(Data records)
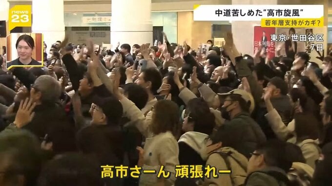 「高市総理の選挙演説が行われています。多くの有権者の皆さんは、鈴なりになってじっくり総理の言葉に耳を傾けています。人が多く詰めかけているので、人が通る隙間もないというような状況です」
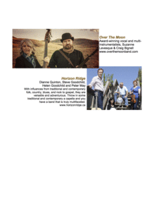 Featuring Over the Moon and Horizon Ridge. Over The Moon - Award-winning vocal and multi-instrumentalists, Suzanne Levesque & Craig Bignell www.overthemoonband.com
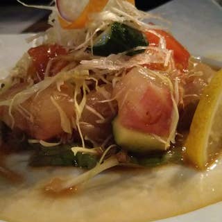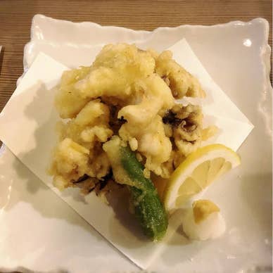 古いお家をリフォームしたお店で、雰囲気も一緒に楽しむ事が出来ました。 コース料理を頼んでおられる方が多かった様子でしたが、私達早く単品でしたが色々頼みました。 お店の方にお勧めをお聞きしたら胡麻豆腐豆腐言われました。 私は写真のメバルの唐揚げが美味しかったです。
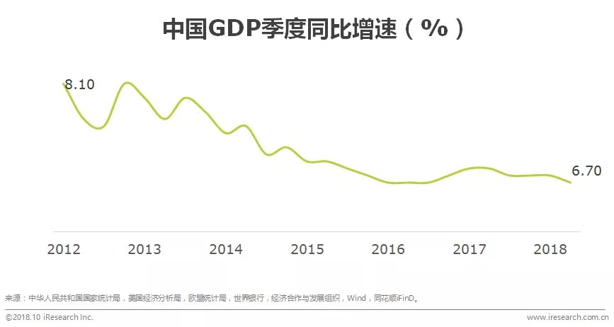 2018年中国GDP季度同比增速进一步放缓,依靠投资和供给增加的手段对GDP的支撑乏力,刺激消费增长成为拉动经济增长的主要手段。
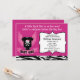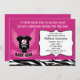 Este divertido convite para um chá de fraldas para uma menina apresenta uma camiseta preta com um crânio e ossos cruzados sobre um fundo roxo.
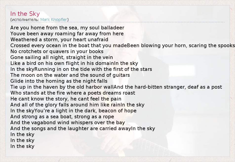 Это интересно:Сэр Марк Фро́йдер Но́пфлер (англ. Mark Freuder Knopfler, род. 12 августа 1949, Глазго, Шотландия) — британский рок-музыкант, певец и композитор, один из сооснователей группы Dire Straits. Его вокал лучше всего описывается немецким термином Sprechgesang — не совсем пение, но и не разговор. Он использует гитару так, как будто она является его вторым «голосом».Наибольшую популярность приобрёл в качестве автора... продолжение
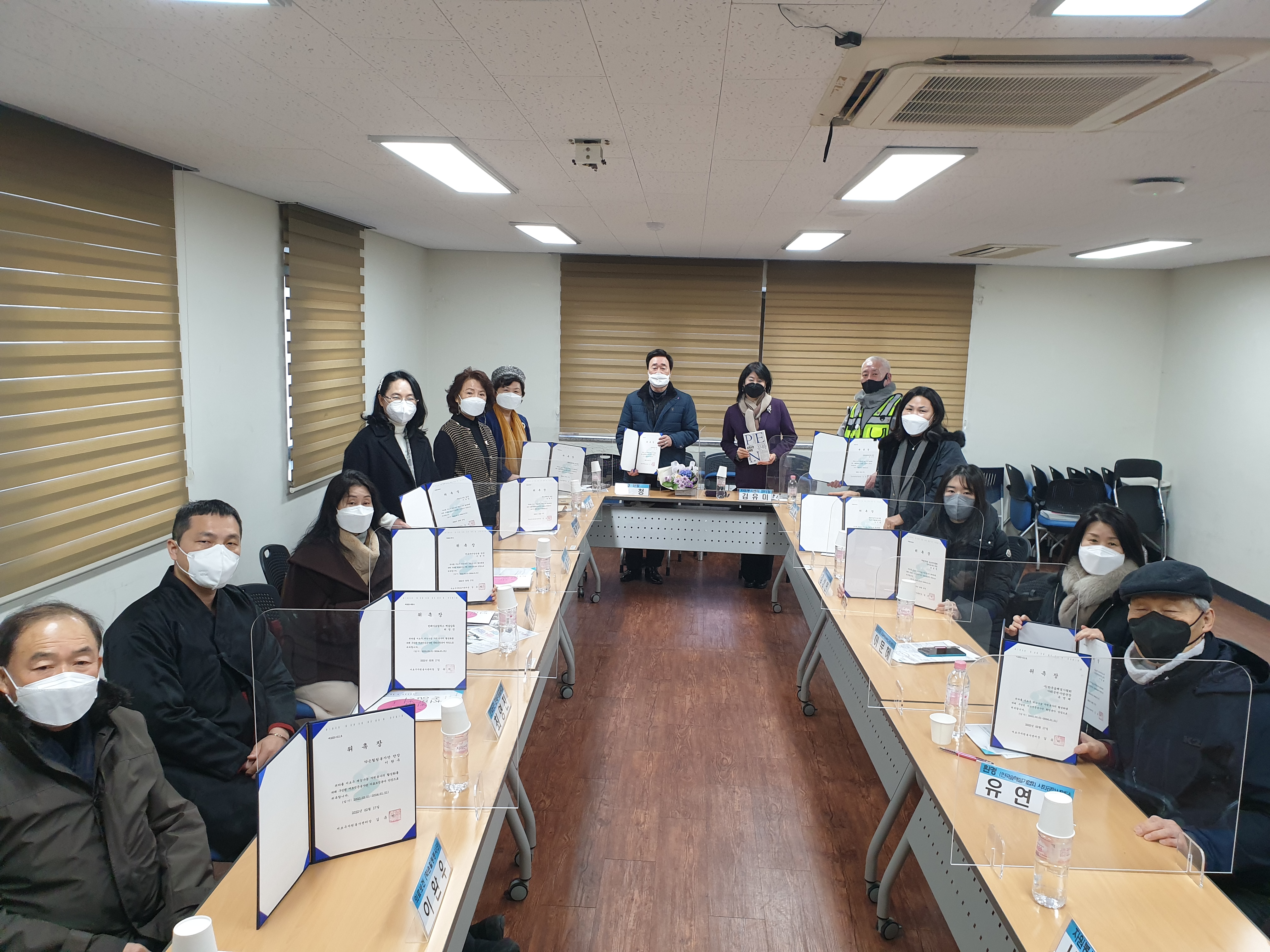 이어 센터의 2022년 주요 방향과 조직 개편을 설명해드린 뒤 2022년 임원진 위촉식을 진행했습니다. 신임 총단장님을 비롯한 총 15명의 단장님이 2년간 서초전문봉사단 임원진으로서 맹활약을 할 예정입니다. ^^
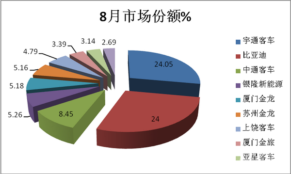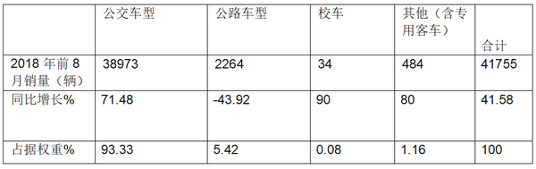 从客车类别来看,今年1-8月份,新能源公交车累计销售38973辆,同比增长71.48%;新能源座位客车销售2264辆,同比下降43.92%;校车和“其他”车型分别销售34辆和484辆,二者市场份额之和不到1.3%。显然,公交车和座位客车是新能源客车市场的主力车型,其中新能源公交车市场表现最为给力,不仅权重最大,前8月新能源客车市场增长的最大动力。
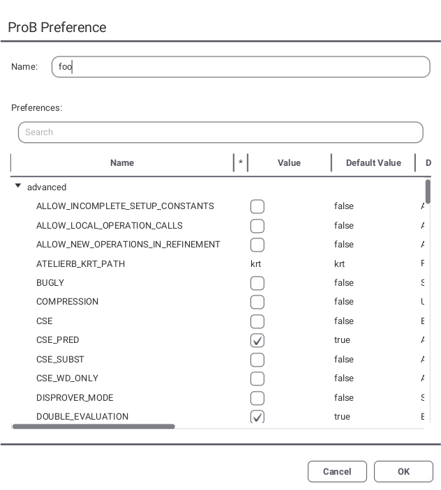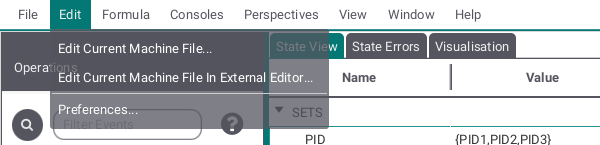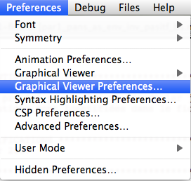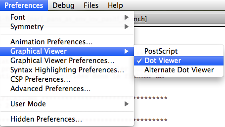 The "Preferences" menu allows the various features of ProB to be configured. When ProB is started for the first time, it creates a file prob_preferences.pl that stores those preferences.
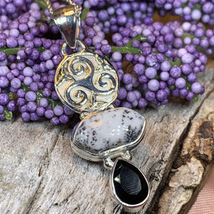 Solid Sterling Silver with authentic gemstones: white dendritic opal with faceted black onyx.
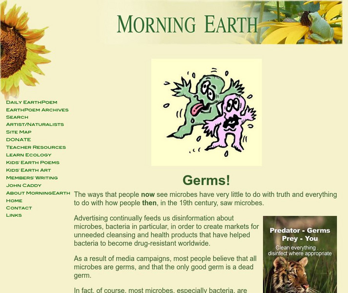 Scholars explore the science topic of germs. The tutorial consists of definitions, examples, and pictures about germ theory.

BRIEF: Set down the entries above exactly; no pictures belong in the copy.

TASK SOLUTION:
 「高市総理の選挙演説が行われています。多くの有権者の皆さんは、鈴なりになってじっくり総理の言葉に耳を傾けています。人が多く詰めかけているので、人が通る隙間もないというような状況です」
 Featuring Over the Moon and Horizon Ridge. Over The Moon - Award-winning vocal and multi-instrumentalists, Suzanne Levesque & Craig Bignell www.overthemoonband.com
 古いお家をリフォームしたお店で、雰囲気も一緒に楽しむ事が出来ました。 コース料理を頼んでおられる方が多かった様子でしたが、私達早く単品でしたが色々頼みました。 お店の方にお勧めをお聞きしたら胡麻豆腐豆腐言われました。 私は写真のメバルの唐揚げが美味しかったです。
 2018年中国GDP季度同比增速进一步放缓,依靠投资和供给增加的手段对GDP的支撑乏力,刺激消费增长成为拉动经济增长的主要手段。
 Este divertido convite para um chá de fraldas para uma menina apresenta uma camiseta preta com um crânio e ossos cruzados sobre um fundo roxo.
 Это интересно:Сэр Марк Фро́йдер Но́пфлер (англ. Mark Freuder Knopfler, род. 12 августа 1949, Глазго, Шотландия) — британский рок-музыкант, певец и композитор, один из сооснователей группы Dire Straits. Его вокал лучше всего описывается немецким термином Sprechgesang — не совсем пение, но и не разговор. Он использует гитару так, как будто она является его вторым «голосом».Наибольшую популярность приобрёл в качестве автора... продолжение
 이어 센터의 2022년 주요 방향과 조직 개편을 설명해드린 뒤 2022년 임원진 위촉식을 진행했습니다. 신임 총단장님을 비롯한 총 15명의 단장님이 2년간 서초전문봉사단 임원진으로서 맹활약을 할 예정입니다. ^^
 从客车类别来看,今年1-8月份,新能源公交车累计销售38973辆,同比增长71.48%;新能源座位客车销售2264辆,同比下降43.92%;校车和“其他”车型分别销售34辆和484辆,二者市场份额之和不到1.3%。显然,公交车和座位客车是新能源客车市场的主力车型,其中新能源公交车市场表现最为给力,不仅权重最大,前8月新能源客车市场增长的最大动力。
 The "Preferences" menu allows the various features of ProB to be configured. When ProB is started for the first time, it creates a file prob_preferences.pl that stores those preferences.
 Solid Sterling Silver with authentic gemstones: white dendritic opal with faceted black onyx.
 Scholars explore the science topic of germs. The tutorial consists of definitions, examples, and pictures about germ theory.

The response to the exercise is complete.